• [DIRECTIONS]: I'd like the data below restated word for word, with the pictures left out.

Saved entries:
----

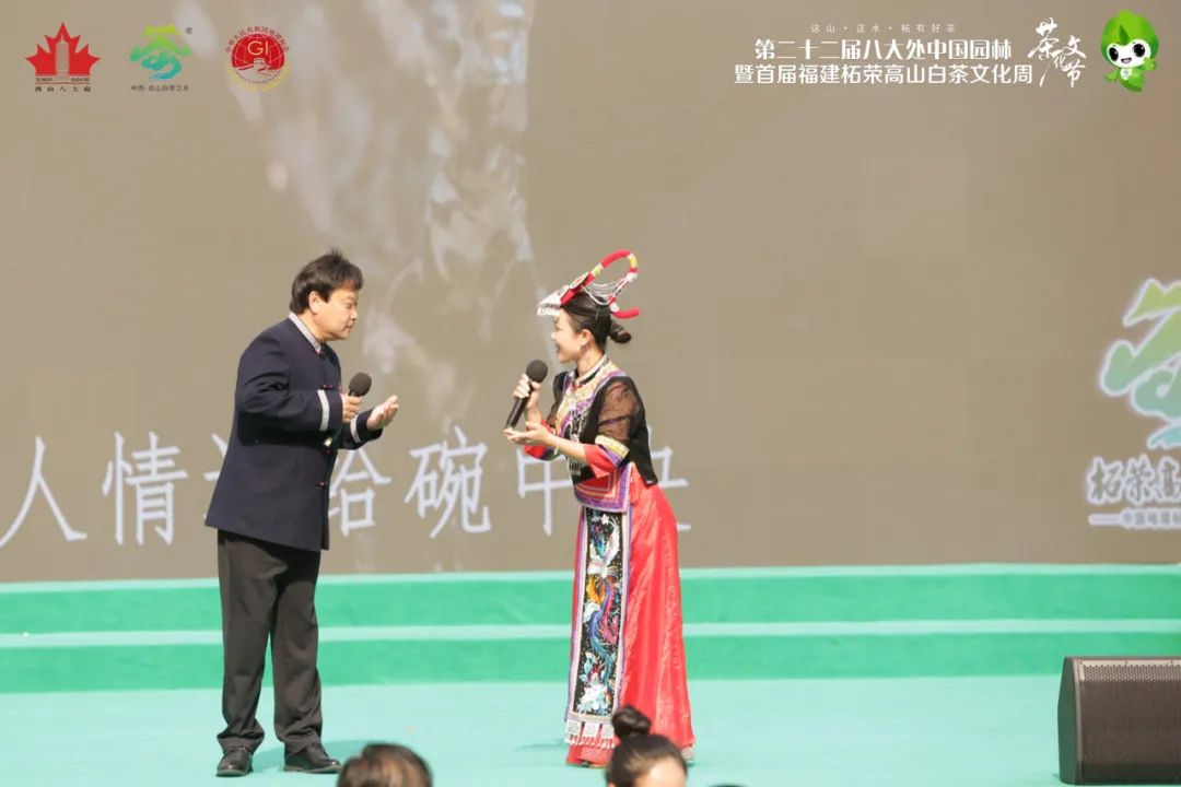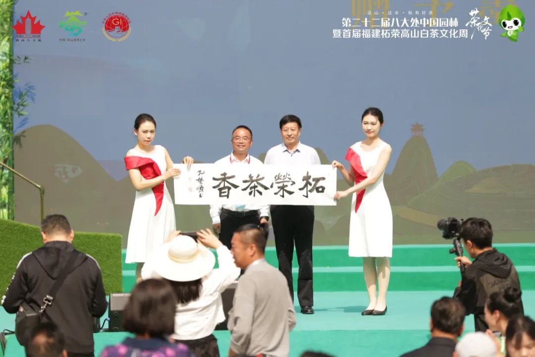 北京市八大处公园管理处党组成员、副主任王霞致辞,柘荣县人大常委会主任、柘荣县茶产业发展领导小组组长陈龙营作柘荣高山白茶推介,人民解放军某部原政委、少将孔繁顺赠送“茶乡柘荣”、“柘荣茶香”两幅墨宝。
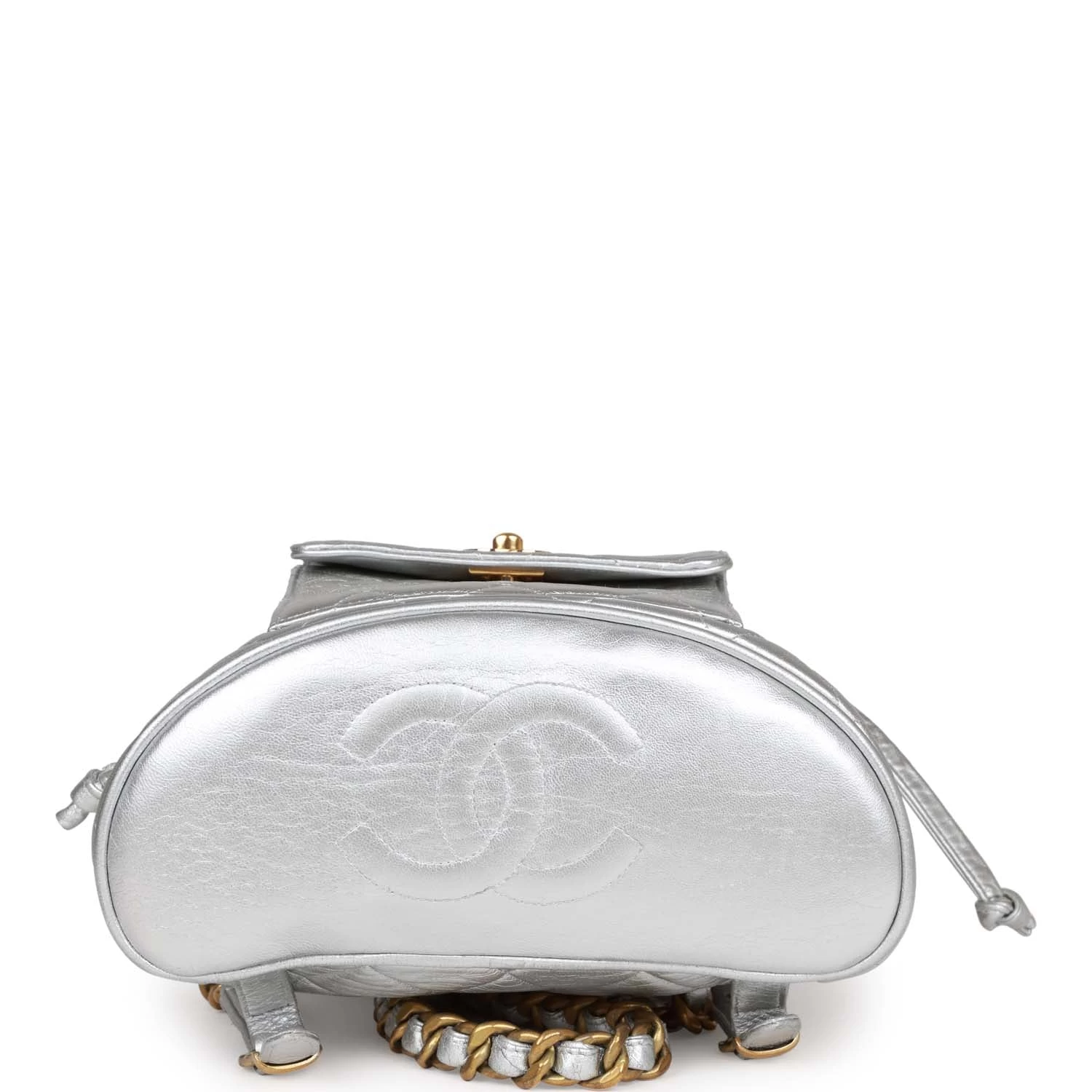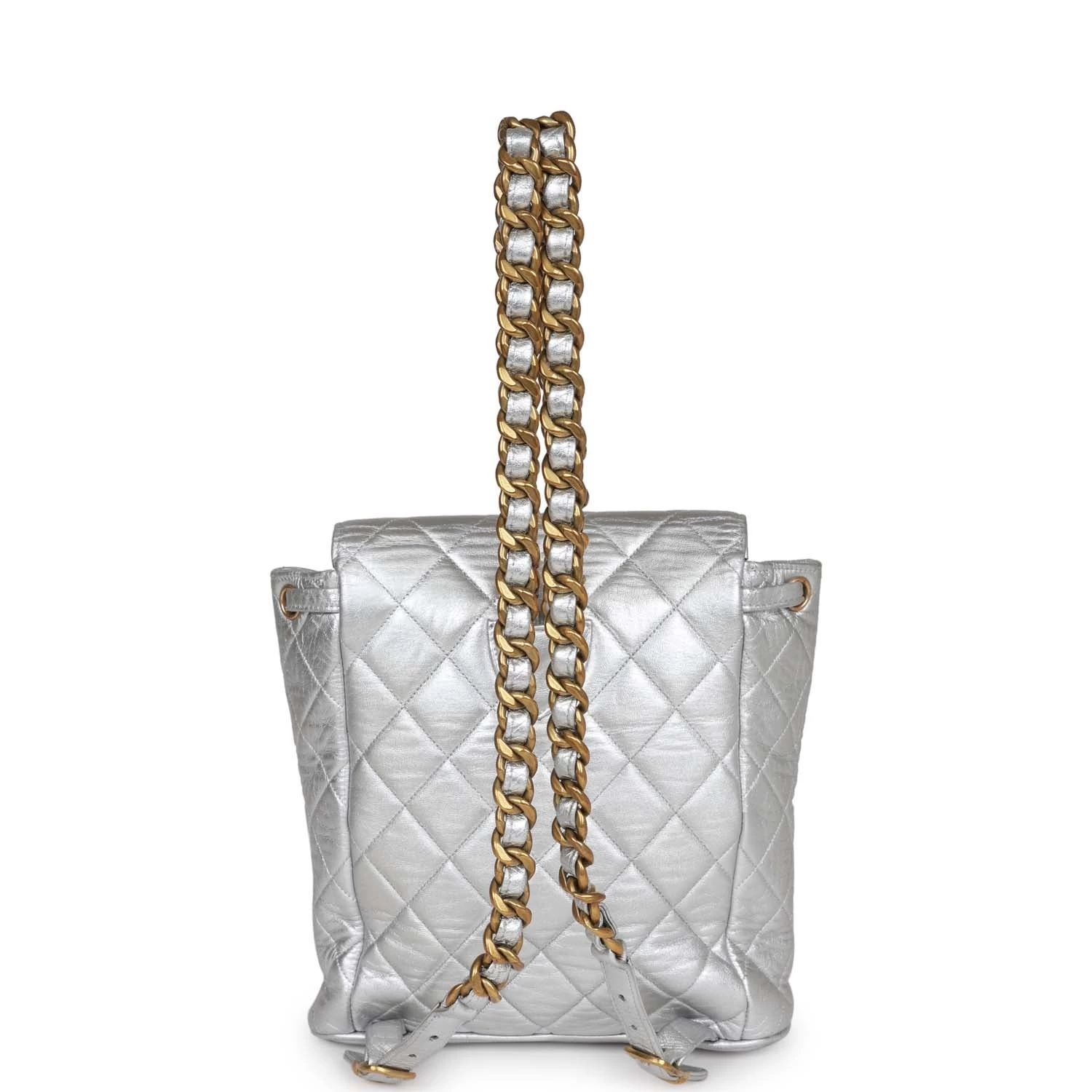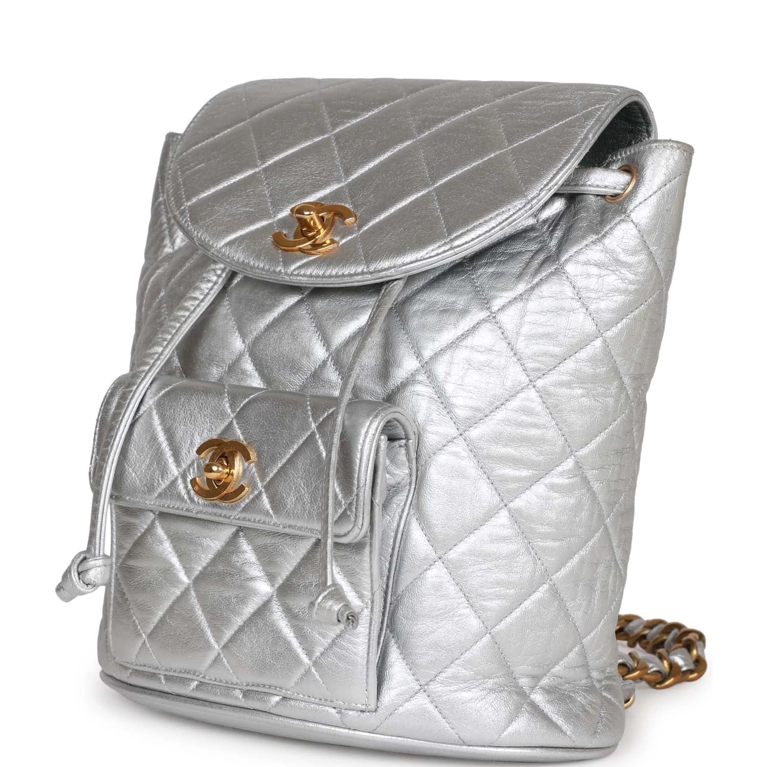 This Vintage Duma backpack is in Silver metallic lambskin with gold hardware, signature CC interlocking closure with front flap, an additional drawstring closure, exterior front pocket, two shoulder straps for backpack use, and gold metal and silver leather chain.
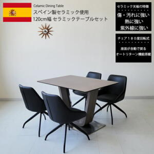 【全品P10倍】 セラミックテーブル ダイニングテーブルセット 幅140cm 収納付き 回転チェア ダイニングチェア オートリターン PVC スチール 高機能 耐熱 耐摩耗 セラミック MDF グレー ブラック 省スペース モダン 高級 北欧 清潔 木目柄 食卓 キズに強い
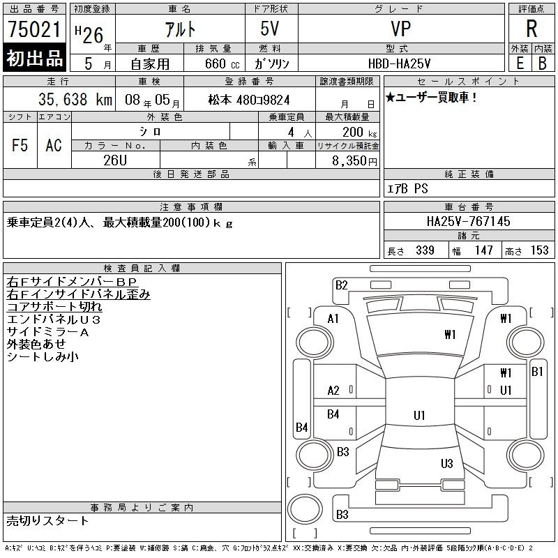 Аукционный лист SUZUKI ALTO VAN 2014
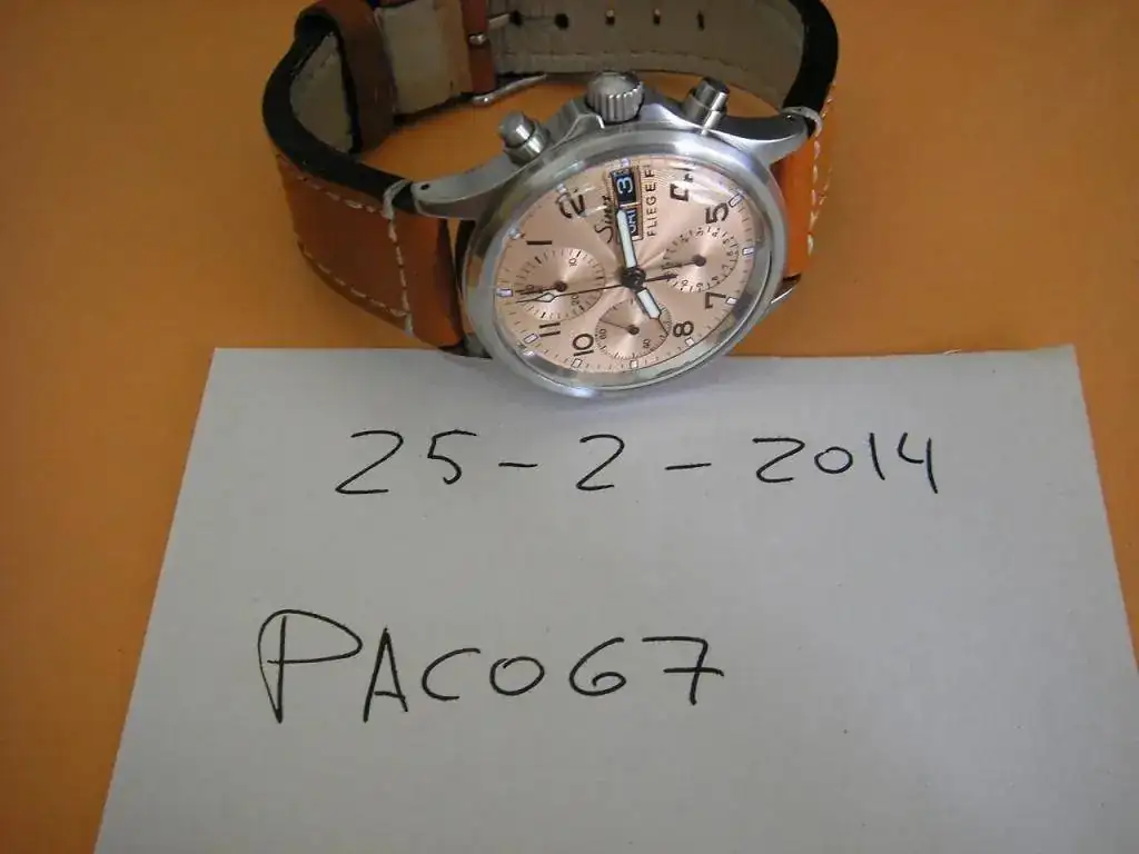 Hola. Vendo este Sinn 356 Flieger II. Funciona correctamente con una marcha bien ajustada. El reloj es del año 2005 y tiene marcas de uso que voy a intentar describir lo mejor posible.

----

• [RESPONSE]:
 北京市八大处公园管理处党组成员、副主任王霞致辞,柘荣县人大常委会主任、柘荣县茶产业发展领导小组组长陈龙营作柘荣高山白茶推介,人民解放军某部原政委、少将孔繁顺赠送“茶乡柘荣”、“柘荣茶香”两幅墨宝。
 This Vintage Duma backpack is in Silver metallic lambskin with gold hardware, signature CC interlocking closure with front flap, an additional drawstring closure, exterior front pocket, two shoulder straps for backpack use, and gold metal and silver leather chain.
 【全品P10倍】 セラミックテーブル ダイニングテーブルセット 幅140cm 収納付き 回転チェア ダイニングチェア オートリターン PVC スチール 高機能 耐熱 耐摩耗 セラミック MDF グレー ブラック 省スペース モダン 高級 北欧 清潔 木目柄 食卓 キズに強い
 Аукционный лист SUZUKI ALTO VAN 2014
 Hola. Vendo este Sinn 356 Flieger II. Funciona correctamente con una marcha bien ajustada. El reloj es del año 2005 y tiene marcas de uso que voy a intentar describir lo mejor posible.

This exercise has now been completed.